The delay elements used to construct the delay lines are typically
designed to optimize their delay matching.  In typical delay line
implementations, the signals through the delay lines are free
running.  This can lead to significant power dissipation within the
delay lines.  This disclosure addresses the design of a delay element
which can be powered-off when not selected, leading to lower overall
power dissipation.

      A typical implementation of the delay element is shown in Fig.
1.  The delay element consists of two series p-channel devices, Q1
and Q2, connected to two series n-channel devices, Q3 and Q4.
Transistors Q3 and Q2 form an inverter through which the input signal
is propagated with some delay.  Transistors Q1 and Q4 form current
sources whose gates are tied to regulated bias voltages.  By
controlling the bias voltages on the gates of Q1 and Q4, the delay is
controlled through the inverter formed by Q2 and Q3.

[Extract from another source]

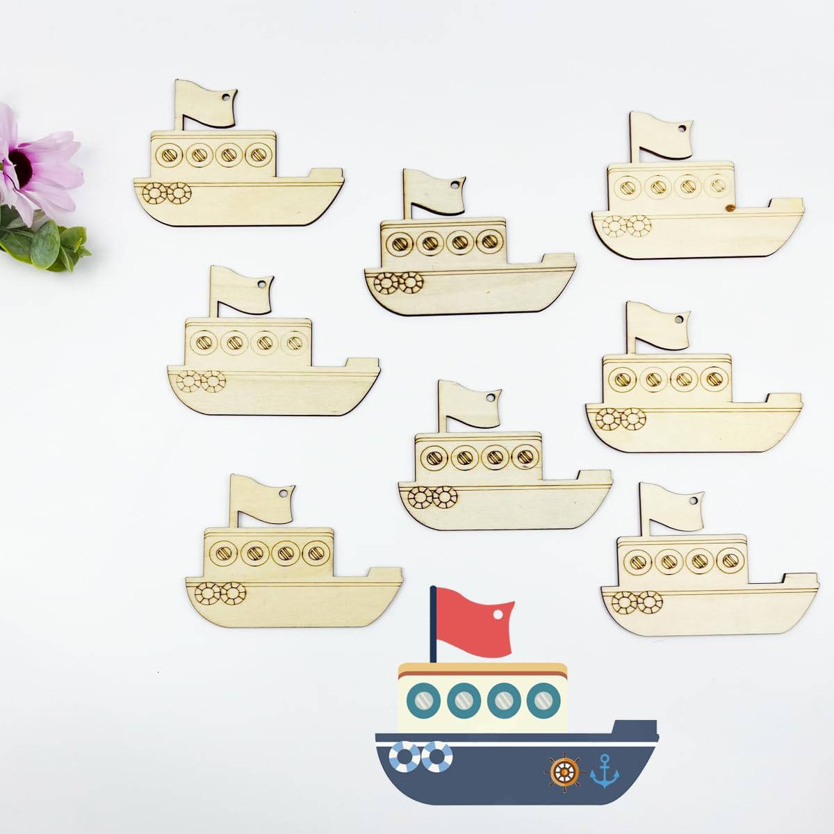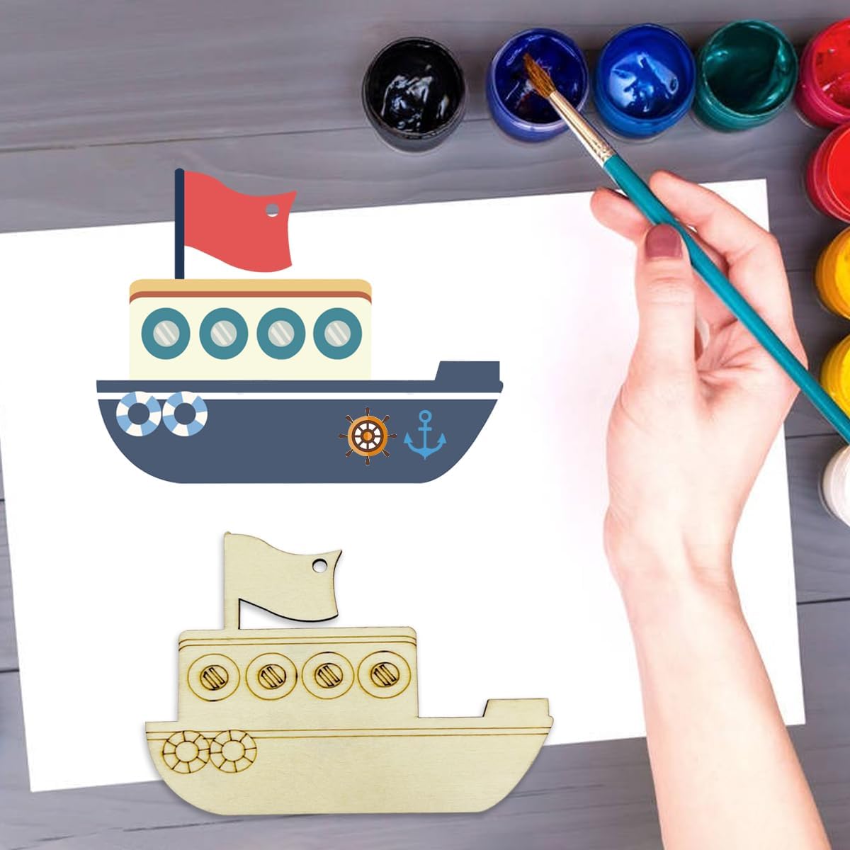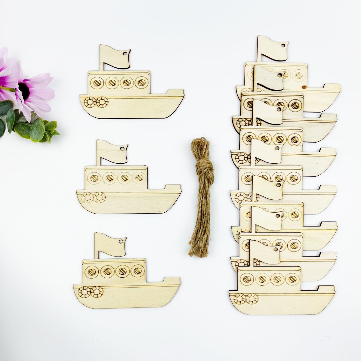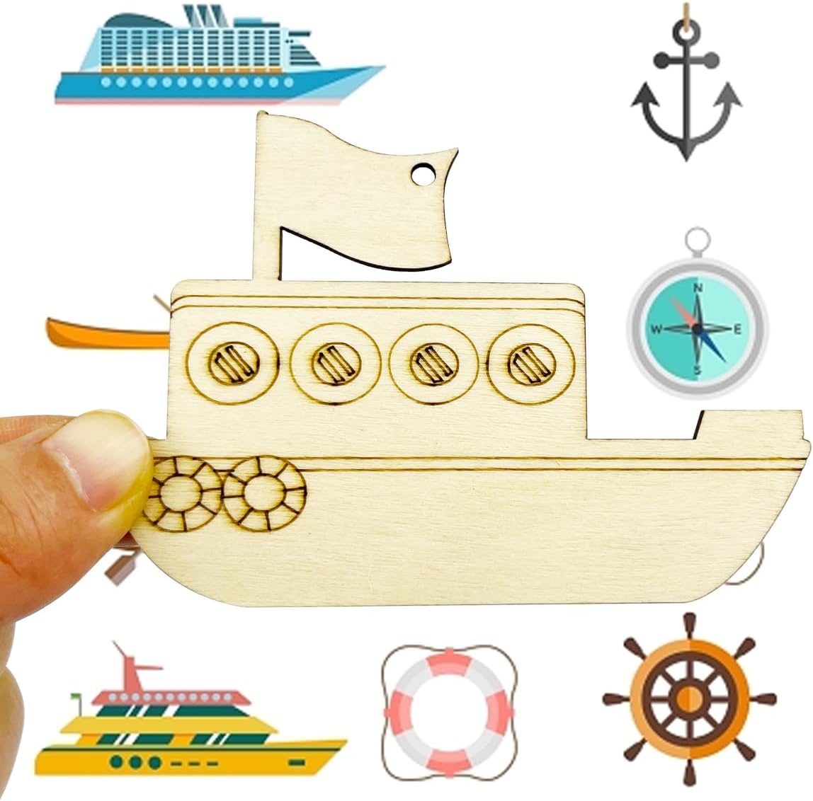 30pcs Unfinished Wooden Boat Cutout, DIY Crafts Cutouts Blank Wooden Sailboat Shaped Hanging Ornaments Gift Tags for Summer Ocean Sea Theme Party Decoration

      The delay chain is formed by connecting 'n' delay elements in
series.  The outputs of the delay element are connected to a delay
element input and output buffer.  The output buffer is used to
provide a constant loading at the delay element output.  The buffered
output is then fed to a 1 of 'n' selector from which a delayed signal
is selected.  In this implementation, the entire length of the delay
line switches at the frequency of the input to the delay line.  In
addition, the output buffers and the selector inputs also switch at
the input frequency.  The selectors themselves may be comprised of
several stages of circuitry, which is usually the case for large
width selectors made up of multiple smaller input width selectors.

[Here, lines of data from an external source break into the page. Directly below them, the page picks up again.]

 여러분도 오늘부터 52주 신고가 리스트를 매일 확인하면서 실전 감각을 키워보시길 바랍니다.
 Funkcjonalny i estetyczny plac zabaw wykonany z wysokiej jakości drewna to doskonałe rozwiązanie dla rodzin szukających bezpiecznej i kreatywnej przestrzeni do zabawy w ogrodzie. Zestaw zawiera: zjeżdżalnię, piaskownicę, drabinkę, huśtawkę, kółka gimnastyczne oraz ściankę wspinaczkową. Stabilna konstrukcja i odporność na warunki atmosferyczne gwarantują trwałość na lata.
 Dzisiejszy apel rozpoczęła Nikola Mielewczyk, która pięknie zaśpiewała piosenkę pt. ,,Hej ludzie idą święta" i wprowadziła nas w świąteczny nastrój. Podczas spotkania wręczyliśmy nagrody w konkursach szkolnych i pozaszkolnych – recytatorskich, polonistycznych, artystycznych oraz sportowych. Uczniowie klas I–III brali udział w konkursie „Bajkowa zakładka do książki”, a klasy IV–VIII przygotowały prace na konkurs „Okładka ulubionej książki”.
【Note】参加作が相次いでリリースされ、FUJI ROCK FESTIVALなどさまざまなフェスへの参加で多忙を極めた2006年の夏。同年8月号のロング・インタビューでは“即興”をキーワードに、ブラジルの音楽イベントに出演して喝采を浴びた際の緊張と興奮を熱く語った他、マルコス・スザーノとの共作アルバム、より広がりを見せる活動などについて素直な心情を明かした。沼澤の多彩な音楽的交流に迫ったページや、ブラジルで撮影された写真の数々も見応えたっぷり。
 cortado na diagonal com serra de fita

The combination of the delay line, output buffer, and selector
switching results in a large amount of unwanted power dissipation.

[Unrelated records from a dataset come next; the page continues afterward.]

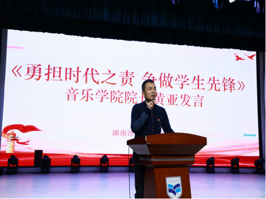 随后,音乐学院院长黄亚发表讲话。黄亚院长充分肯定过往学生干部群体的工作成果,结合新学期学院发展规划,对全体学生干部提出三点殷切期望:一是锚定时代坐标,争做思想与行动上的先锋。要求全体学生干部深刻领会会议精神,认真落实各项工作部署,主动担当作为,当好学院工作的执行者、同学服务的贴心人。二是扛起时代责任,统筹学习与工作发展。强调学生干部要立足本职岗位,平衡好学习与工作的关系,不断提升自身综合能力,在实干中锤炼过硬本领。三是勇立时代潮头,凝聚团队协作合力。鼓励学生干部加强团队协作,以务实作风服务同学成长,以积极行动助力学院高质量发展。
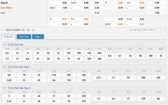 Bảng tỷ lệ kèo bóng đá trận đấu Napoli vs Inter Milan
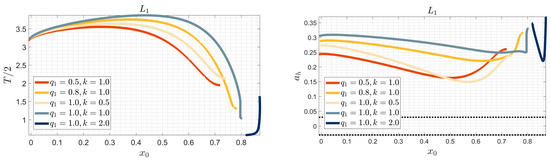Table 5 and Table 6 provide some representative initial conditions for the computed Lyapunov families corresponding to different parameter combinations. Specifically, each table presents the half-period of the orbit along with the initial position and velocity components at the first orbit’s perpendicular intersection with the Ox-axis. Note, at this intersection, the remaining components are set to zero; i.e., and . Additionally, we include the position component from which we may define the orbit’s amplitude along the Ox-axis, as well as the corresponding Jacobi constant C and the horizontal stability parameter Table 5 examines the influence of the radiation pressure factor on the infinitesimal periodic orbits while keeping the force ratio parameter fixed at . The numerical results indicate variations in stability characteristics and Jacobi constant values as the radiation pressure changes. Table 6, on the other hand, explores the effect of different values of the force ratio parameter k while maintaining a constant radiation pressure factor . The results highlight how variations in the rotational characteristics of the primary bodies affect the stability of periodic orbits. The data presented in both tables may serve as initial conditions for computing all the Lyapunov families examined in this study; therefore, they provide a valuable reference for analyzing them and assessing their stability properties across different parameter regimes.
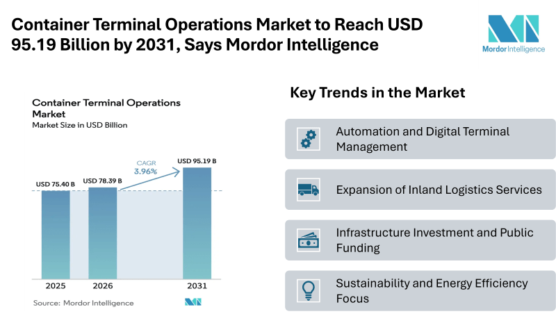 Home Press ReleasesContainer Terminal Operations Market to Reach USD 95.19 Billion by 2031, Says Mordor Intelligence
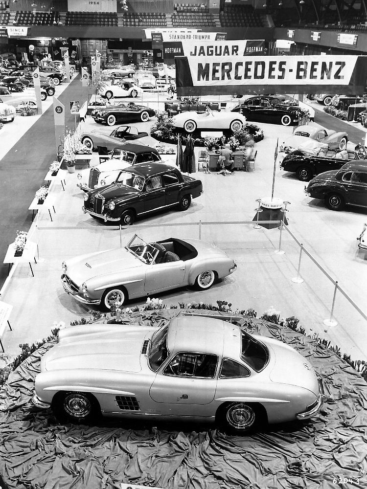 1954: Der Mercedes-Benz 190 SL (W121) und der Mercedes-Benz 300 SL "Gullwing" (W198) debütieren am 6. Februar auf der International Motor Sports Show in New York. Weltpremiere des 190 SL im Februar in New York auf der International Motor Sports Show. Die finale Typenbezeichnung wird erst wenige Tage vor der Enthüllung festgelegt. Während der Entwicklung wird der Typencode 180 SL genutzt. Eigentlich soll der Mercedes 190 SL im November in Serienproduktion gehen, aber der Produktionsstart wird verschoben. Ab Sommer werben Verkaufsbroschüren für den neuen SL. Auch ein motorsportliches Ereignis fasziniert die Mercedes-Fans im Jahr 1954, es ist der erste Start der Formel-1-Silberpfeile Mercedes-Benz W196 R und der Doppelsieg in Reims (Juan Manuel Fangio/Karl Kling) beim Großen Preis von Frankreich
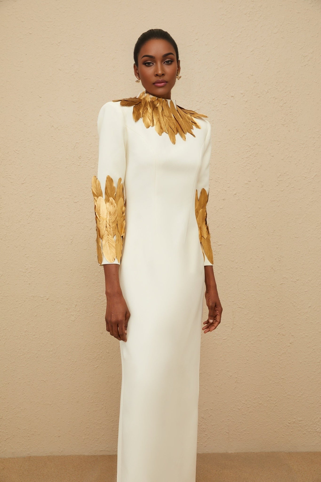 Flora Maxi Dress - White & Gold Feather Trim Long Sleeve Elegant Slit Zip Floor-Length
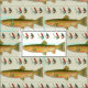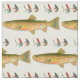 Tecido padrão de truta e mosca de pesca. Crie decoração para casa, itens de costura ou artesanato com este tecido personalizado com tema de pesca de água doce. Imagens coloridas de trutas manchadas fazem "listras" ao lado de moscas de pesca vermelhas e azuis. O fundo é um off-white neutro e faz parte do design, portanto não pode ser alterado.

      The modified delay element in Fig. 2 can be used to reduce the
power dissipation.  The circuit consists of two series p-channel
devices, Q1 and Q2, and three series n-channel, Q3, Q4, and Q7.  The
devices Q2 and Q3 again form an inverter through which the input
signal is propagated; devices Q1 and Q4 form the current sources by
which the delay through the delay element is determined.  An
additional device Q7 is inserted whose gate is tied to the decode
signal.  The circuit functions as follows:  when the decode signal is
enabled, device Q7 is on and the delay element propagates the input
signal.  If the...